CRAP! The internet goes down at that very moment, and to continue the Dave Barry theme - I am not making this up. I stare at the computer in disbelief. Wild-eyed, I run to the ladies in the front office and ask: can you get online? They think so, and one gets to our district intranet, so I run back to my own computer. But, I can't get anywhere. Now, I'm a former Network Manager so I know my computers, and I think there is a proxy error going on. I go back up front and try it myself on her computer, and yes, the internet is definitely down.
I grab my iPhone and google "infiltrating ductal carcinoma, ductal carcinoma in situ, cribriform, comodo, high nuclear grade and lobular carcinoma and atypical lobular hyperplasia."
(I dare you to try that on an iPhone keyboard.)
I think I overwhelmed Dr. Google and my poor phone - they didn't handle those search terms as well as I would have expected. It's pretty hard to read google scholar and google books on an iPhone, and I realized that for the first time in years, my iPhone won't cut it. I need a widescreen monitor and a real keyboard.

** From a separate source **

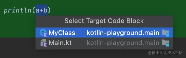 IntelliJ 提供的选项取决于语言,在下面的屏幕截图中 — 是为类定义还是为文件定义。选择后,您仍然可以使用与提取局部变量相同的选项。
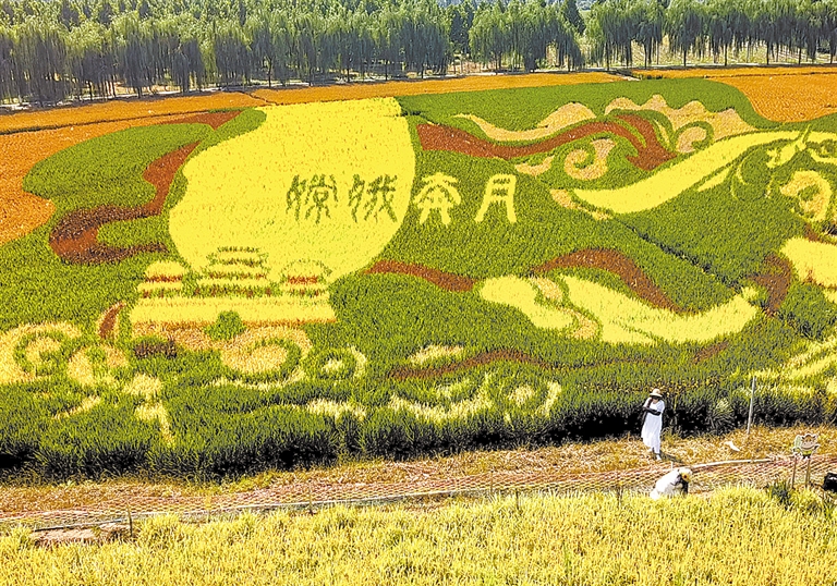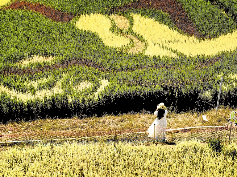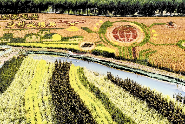 眼下正值水稻生长的旺季,在徐水区神农园,百亩水稻即将成熟。这片一望无垠的“金色海洋”里,勤劳的农民以稻田为“画布”,以彩稻为“画笔”,利用特种水稻绿、黄、白、红、紫五色色差,绘就出一幅幅妙趣横生的稻田画,诉说着丰收的喜悦之情。

I call tech support, wanting to scream "Get me online, I need to find out if I am about to die!" but instead, I say, "Hi, this is Ann and our internet is down." She tells me she thinks there is a proxy issue going on and they are going to test things, and I suggest that she "test things" on me. So, she walks me through a new setting and whew....
The internet is back.
How did people know they were sick in the old days before computers?

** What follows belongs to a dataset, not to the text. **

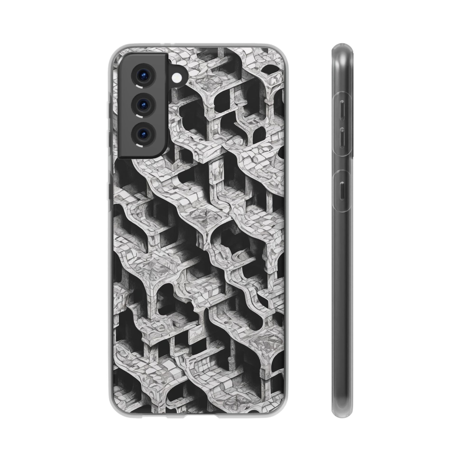 Escher-Style Tessellation Phone Case - Black & White Geometric Illusion

Instead of trying to google, I decide to take advantage of an online acquaintance who has an OB/GYN in the family. I type my path reports and hit send to ask for another kind of online second opinion.

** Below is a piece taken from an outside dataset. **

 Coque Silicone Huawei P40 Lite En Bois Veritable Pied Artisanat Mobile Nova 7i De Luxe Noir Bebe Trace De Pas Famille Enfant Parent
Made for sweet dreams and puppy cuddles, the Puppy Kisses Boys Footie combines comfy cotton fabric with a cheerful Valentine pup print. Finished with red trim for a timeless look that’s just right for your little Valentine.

Then I turn back to google and narrow my search terms.
(Bing, are you feeling left out yet?)
After reading a few pages of results I calm down a bit. It appears that I just have regular old breast cancer - yes, I have an invasive form and it's serious, but not the "you have three months to live" kind. At least, as far as I can tell.
Then my kind friend and his relative respond, within 30 minutes, and I get the same message. I have garden variety cancer(s) - a bit more aggressive than others, but I'll probably make it to Christmas.
I hate Christmas. But suddenly the thought of corny songs, spending money on stuff that's not for me, and a tree littering needles inside my house make me very happy.